Soğuğa tolerans, üreme esnekliği ve gizli beslenme alışkanlıklarının bu birleşimi, türün daha önce düşman olan bir ekosisteme nasıl etkili bir şekilde uyum sağladığını gösteriyor.

Bilim insanları sivrisineklerin varlığının daha geniş ekolojik ve sağlık etkileri olabileceği konusunda uyardı. İzlanda’da herhangi bir salgın geçmişi olmamasına rağmen sivrisinekler sıtma, dang humması ve chikungunya gibi ölümcül hastalıkların taşıyıcılarıdır

Keşif, sivrisineklerin artık Antarktika dışında dünyanın her yerinde bulunduğu anlamına geliyor

Entomologlar, İzlanda’da şu anda sivrisinek kaynaklı hastalık salgını olmamasına rağmen, böceklerin yeni ortamlarda gelişebilme yeteneğinin, patojenlerin ortaya çıkması durumunda gelecekteki sağlık riskleri potansiyelini gösterdiği konusunda uyardı.

Varlıkları aynı zamanda yerel ekosistemleri de değiştirebilir, yırtıcı hayvanlar için yeni bir besin kaynağı sağlarken aynı zamanda kaynaklar için yerli böceklerle rekabet edebilir.

Hjaltason’un gözlemi, kamuya açık raporlamanın popülasyonları izlemeye ve yetkilileri ortaya çıkan tehditlere karşı nasıl uyarmaya nasıl yardımcı olabileceğini örneklendirdiğinden, yurttaş bilim adamları sivrisineklerin yayılmasının izlenmesinde önemli bir rol oynadılar.

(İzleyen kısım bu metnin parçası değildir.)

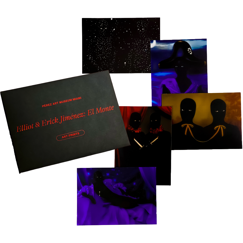 Celebrate the first solo museum exhibition of Cuban-American twin artists Elliot & Erick Jiménez with this exclusive collection of five 5×7 art prints from Elliot & Erick Jiménez: El Monte. Known for their evocative blend of photography, spirituality, and performance, the brothers channel the mysteries of the forest—el monte—to explore ancestry, ritual, and the power of twinhood as both lived experience and sacred symbol.

iNaturalist, Mosquito Alert ve NASA’nın GLOBE Observer’ı gibi uygulamalar, halkın gözlemlerle ilgili verilere katkıda bulunmasına olanak tanıyarak bilim adamlarının böceklerin devam eden adaptasyonunu ve genişlemesini belgelemesine yardımcı oluyor.

İzlanda’daki sivrisinek istilası daha büyük bir küresel modelin altını çiziyor: Artan sıcaklıklar sivrisineklerin bir zamanlar güvenli kabul edilen bölgelerde hayatta kalmasına olanak tanıyor.

Türün yeni habitatlardan yararlanma, verimli bir şekilde üreme ve zorlu iklimlerde hayatta kalma yeteneği, daha önce erişilemeyen bölgeleri kolonileştirmek için ne kadar etkili bir şekilde geliştiğini gösteriyor.